読者の声

■再び原発問題

 遅まきながら、原発の防災計画でIAEA(国際原子力機関)の「深層防護」という考え方があることを知った。すなわち、過酷事故から住民への甚大な被害を避けるため、2重3重4重5重の安全対策を講じるということ。その概要は次の通りである。

 第1層は異常状態を防止するための建設・運転・保守の高い品質を確保する設計。第2層は異常運転の検知と制御を確保するための設計。第3層は設計基準内の事故、設計基準を超えた事故の対応、恒設機器による自動対応など。第4層はシビアアクシデント時の施設への対応。第5層は施設外の被害の緩和である。

 第1~第3層は、設計時に配慮すべきこと。第4層は、事故時に原発施設内で対応するマネジメント。
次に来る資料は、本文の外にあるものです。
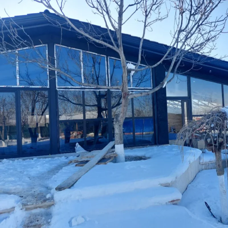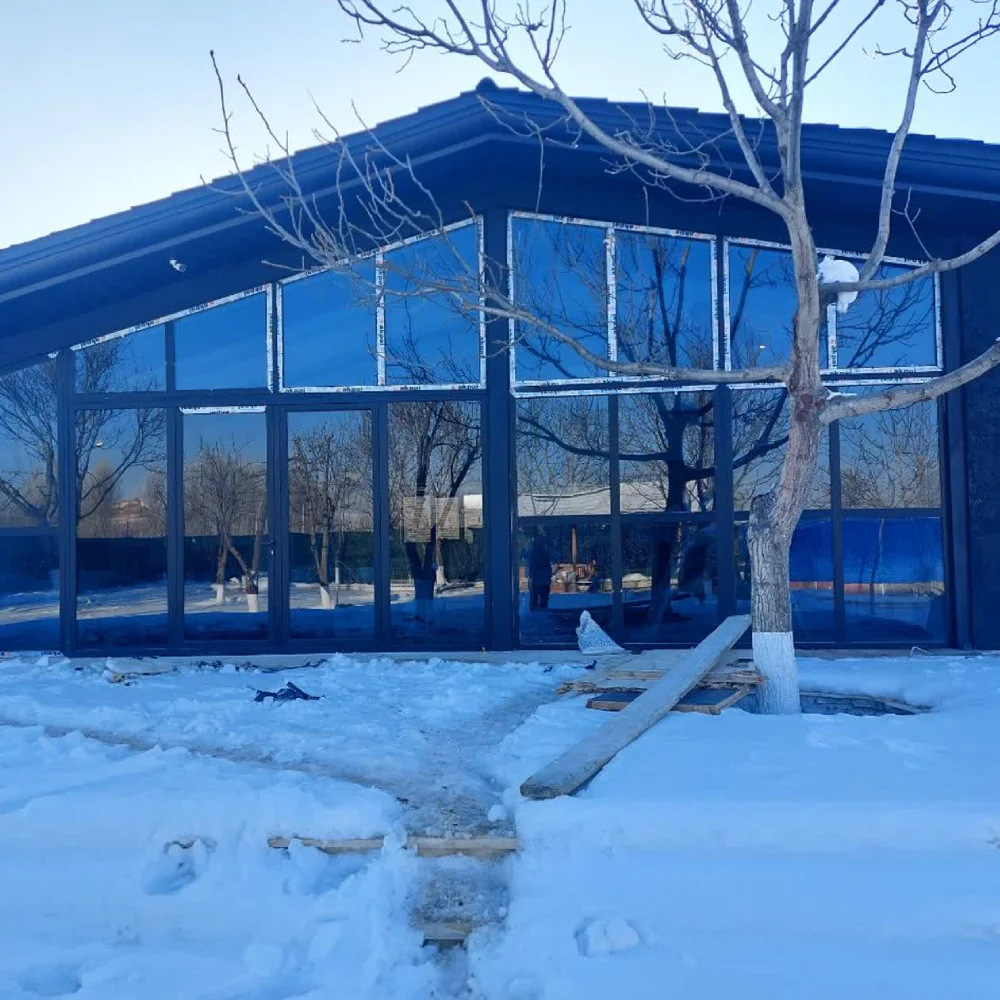 برای افزایش کارایی و زیبایی بیشتر، در این پروژه از شیشههای دوجداره رفلکس با رنگ نقرهای (Silver Reflective Glass) بهره گرفته شده است. این نوع شیشهها با خاصیت بازتابش نور و گرمای خورشید، مانع از ورود اشعههای مضر UV و حرارت اضافی به فضای داخلی میشوند. همچنین، خاصیت رفلکتیو (آینهای) شیشه در طول روز موجب حفظ حریم خصوصی میگردد، بدون آنکه از میزان نور طبیعی کاسته شود. رنگ نقرهای نیز با درخشش خنثی و جذاب خود، هماهنگی کاملی با رنگ مشکی پروفیلها ایجاد کرده و در نهایت، ترکیبی مدرن، لوکس و کاملاً هماهنگ را به نمایش گذاشته است.
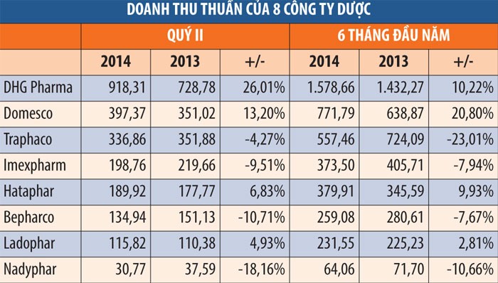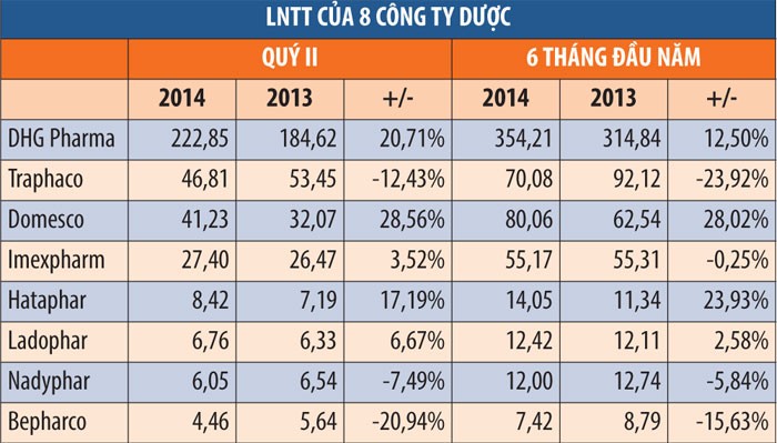 Về chỉ tiêu lợi nhuận, 8 doanh nghiệp dược này lãi trước thuế tổng cộng 364 tỷ đồng trong quý II/2014, tăng 13% so với cùng kỳ năm trước; tính chung 6 tháng đầu năm, lãi 605 tỷ đồng, tăng 6,25%.
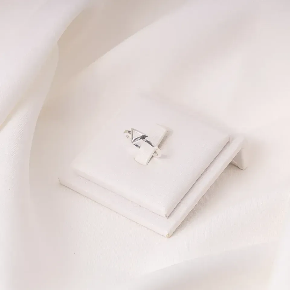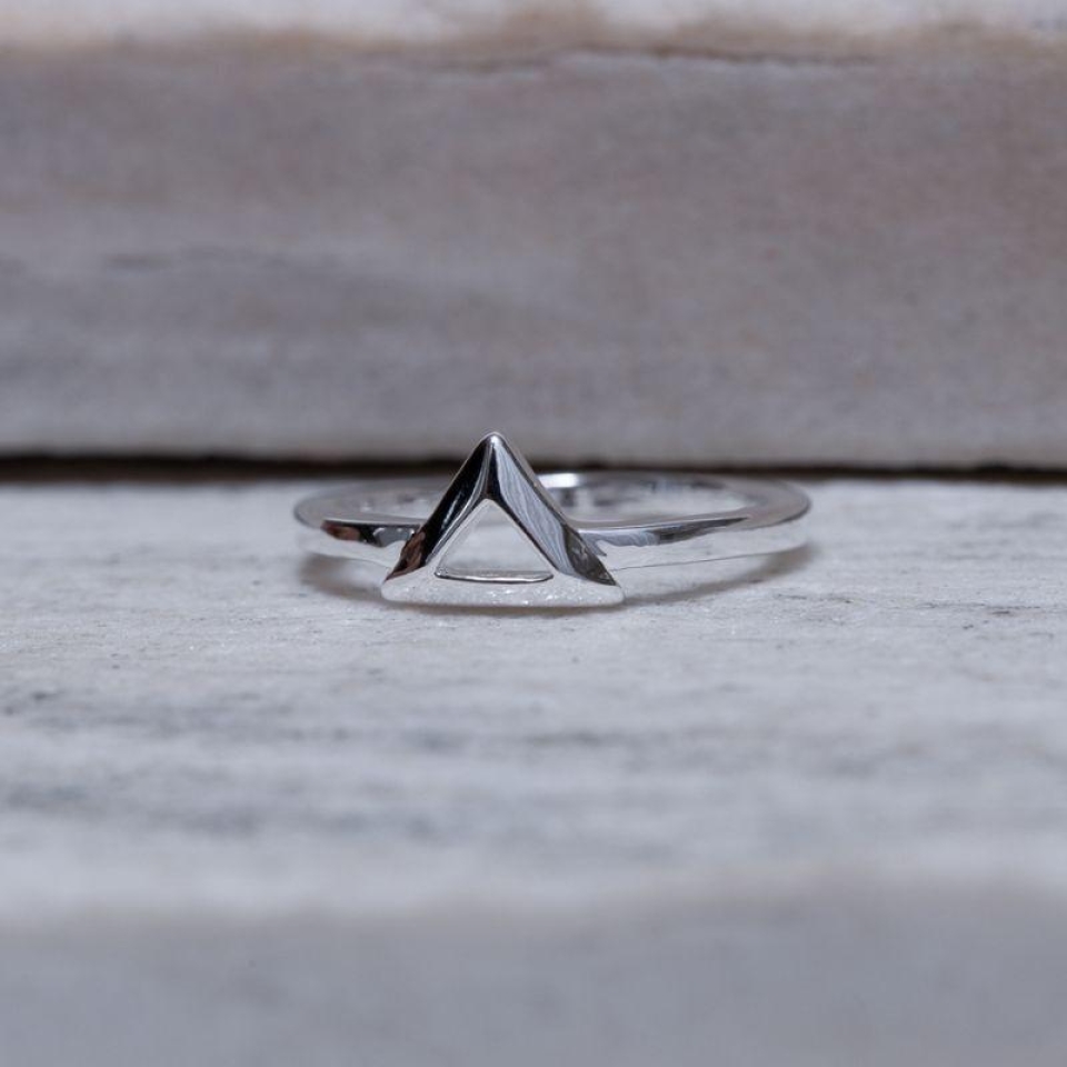 ANEL TRIÂNGULO LISO BANHO PRATA

第5層は、それでも施設外に被害を及ぼす場合に緊急に対応すべきこと。

 日本の原発の現状では、第4層も貧弱である。火災時の消防活動、施設内の消防施設が、地震により配水管破断した場合の対応に地元の消防が対応するにも、地震で道路が寸断されることが想定されていないことがある。

 第5層がさらに問題。そもそも避難計画は規制委員会の所管外とされている。避難路の確保はもちろん、輸送するバスの運転手も、平時から登録される必要がある。放射線に対する対応の事前レクチャー、被害にあった場合の社会補償。これらが完備される必要がある。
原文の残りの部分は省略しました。